As the subtle charm of the drug stole through his brain, Thurston yielded himself up to the dreams which it induced.

His eyes were fixed on the ivory god. He began to speculate on its history, on the strange things which those amethyst eyes must have seen, on the deeds of blood, the mystic panorama of Eastern life, with its gorgeous colouring, its strange suggestion, which they must have watched unmoved. The phantasmagoria of a hundred worlds began to float, and finally to crystallise, before him.

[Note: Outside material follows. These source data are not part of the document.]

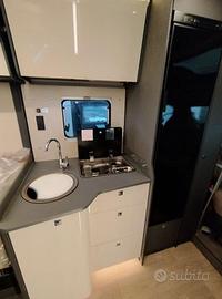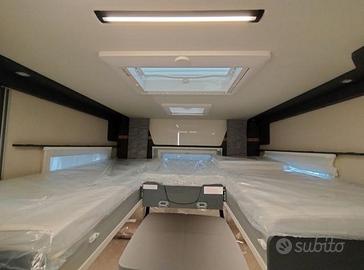 Diverse, invece, le possibilità offerte in configurazione notturna: i letti gemelli basculanti posteriori, a movimentazione elettrica, offrono due letti singoli di ampie dimensioni (lunghezza fino a 205 cm) e possono essere uniti e, grazie alla rete a doghe scorrevole e all'utilizzo di un cuscino aggiuntivo, creare un maxi matrimoniale da ben 205/190×200 cm da poter sfruttare in entrambi i sensi.
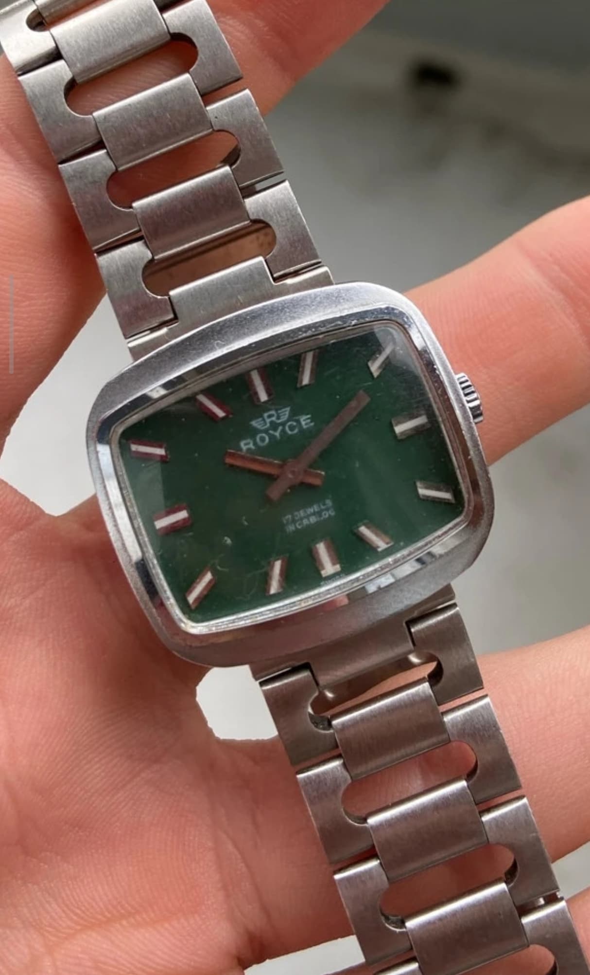 Kleur en sunburst-effect van deze wijzerplaat zijn wel bijzonder mooi. In nieuw- of mint staat zou deze mij misschien wel hebben kunnen overtuigen😊
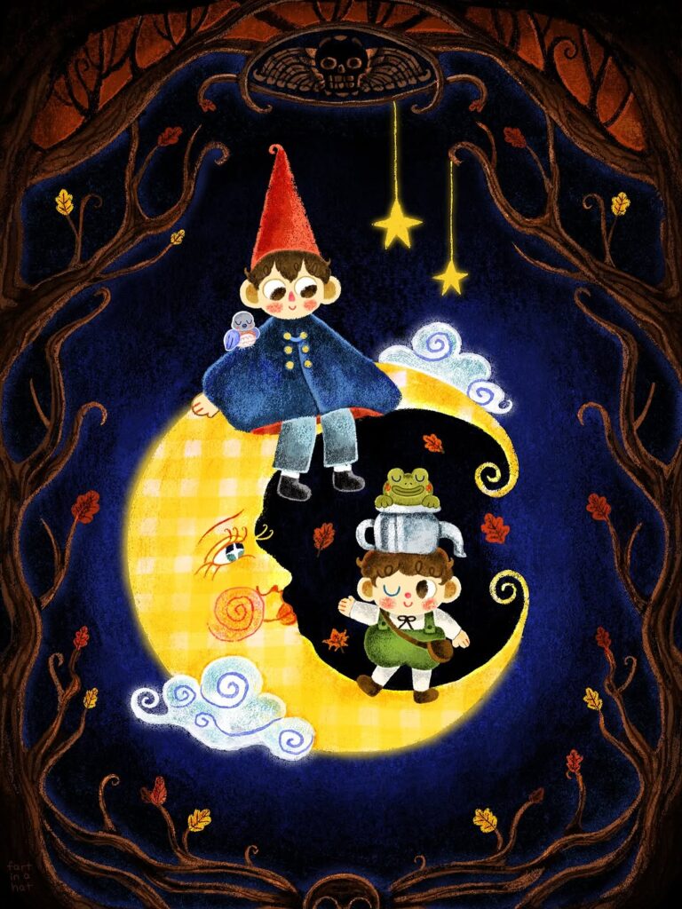 Two cute characters sit on a glowing yellow moon surrounded by stars and twisted tree branches. The dark blue background makes the warm moonlight shine.
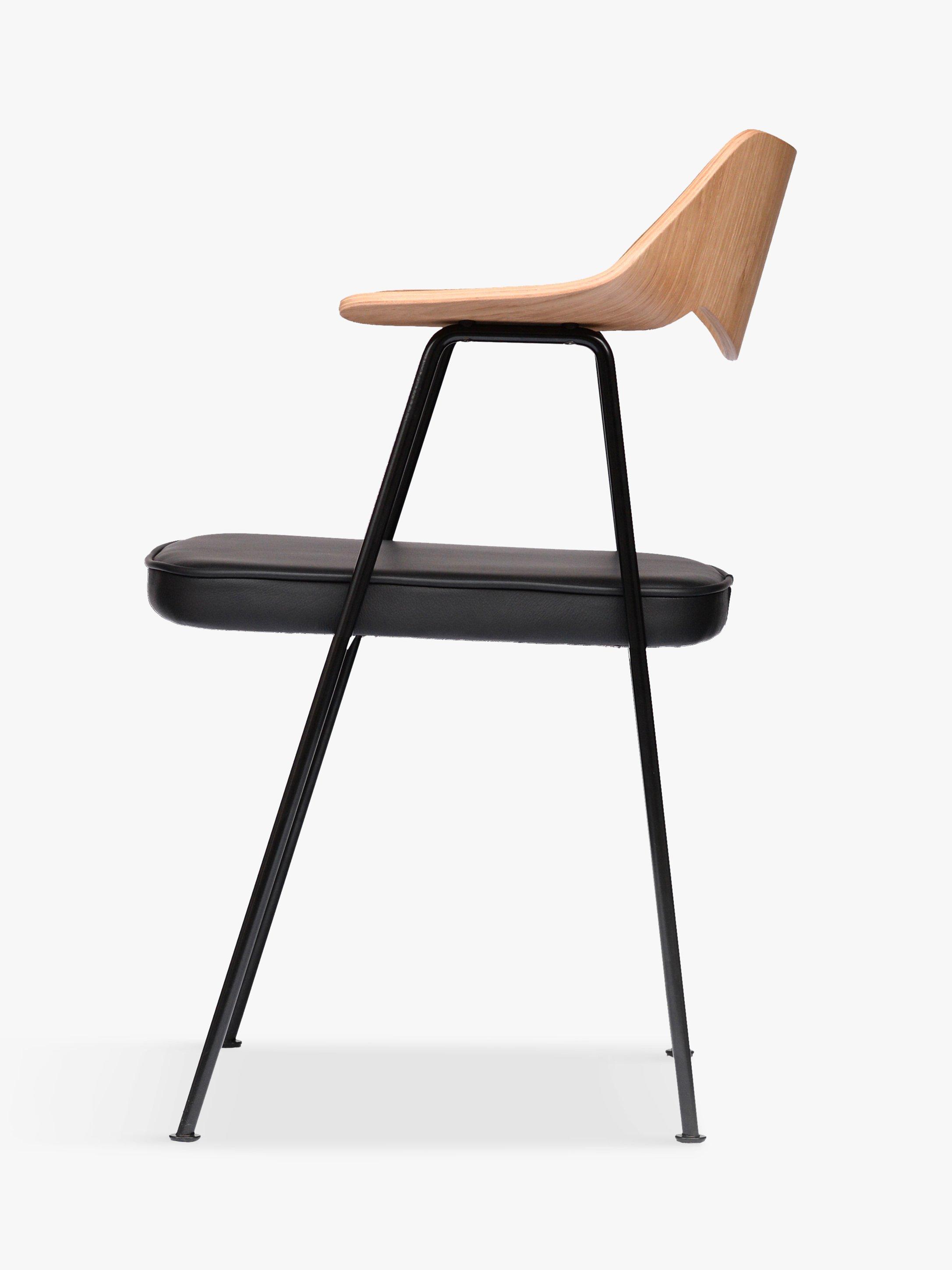 Finished with a walnut-veneered ply back, black powder-coated steel frame and black leather upholstered seat pad – in the words of Robin Day: ‘metal for strength and lightness ... wood for touch and appearance.’
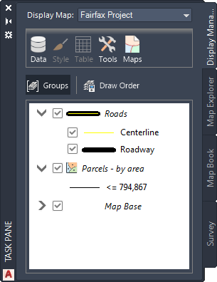 The Display Manager lets you create display maps. Each display map contains a set of styled layers. You can have more than one display map in a map file, and you can style the same data differently in each one.
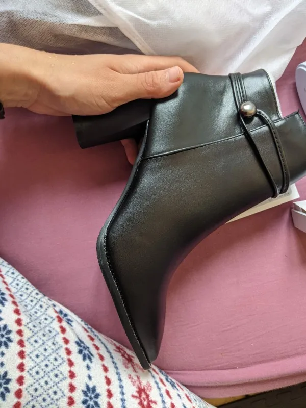 Заказ прибыл всего за 15 дней во Францию и в идеальном состоянии. Ботильоны поставляются хорошо защищенными индивидуально тканевыми карманами. Весь был упакован в карман, состоящий из воздушно-надутых трубок, и там была даже пузырчатая бумага. Внутри каждой обуви были даже кусочки полистирола, на уровне стопы и лодыжки, чтобы они сохраняли свои формы! Они идентичны описанию и фотографиям. Острый носок очень женственный. Они шикарные и стильные одновременно. Отделка очень хорошая (не плиссированная, не царапается). Маленькие ногти, выступающие в качестве украшения, все в наличии. Высота каблука 9,5 см. Для размера, я получил свой обычный размер. Но если у вас сильная/широкая стопа, выбирайте на размер больше. Они красивые! Я рисую их. .. Я рекомендую этого продавца.
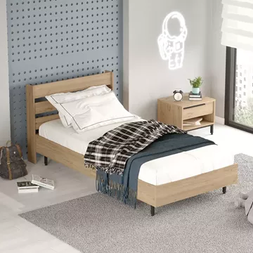Κρεβάτι ArteLibre SUFFOLK Φυσικό Μοριοσανίδα/Μέταλλο 108.5x205.6x86cm

In his estimation the carving was hundreds upon hundreds of years old. It must certainly have had its orginal abiding place in temple or palace, and of itself formed some part of the gorgeous picture which was rapidly shaping itself in Thurston's imagination.

Thurston's evenings were usually spent in a dream of bliss which was itself a source of deep mental content. He was surprised, on this occasion, to find that contemplation of the ivory god was leading him into a state of unusual unrest.

A strange desire to sit down at his desk—literally at the feet of the god—and write, filled him with strenuous force. It was years since he had ever written anything at night, and the mere thought of doing so now made him almost afraid. But the fear vanished quickly; and he was presently conscious of nothing but that he was shortly going to sit down at his desk. It was as if the ivory god had laid some command upon him. He turned up the flame of his spirit-lamp, heated more water, and mixed himself more of the drug. A little later he found himself laying out paper on his blotting-pad, and examining the nib of a pen. And after a time, as if it had been the most natural thing in the world, he settled himself in his elbow-chair, and after one long, searching look at the ivory god, he dipped his pen in the ink and began to write:

"This is the Story of the Loves and Hates of Men and Women that have long been Dust; the Story of a Day when the Red Earth was Young, and the Gods sat steadfast in their Places; the Story of a Time and Times; and behold it has never been told to Human Ear till Now!"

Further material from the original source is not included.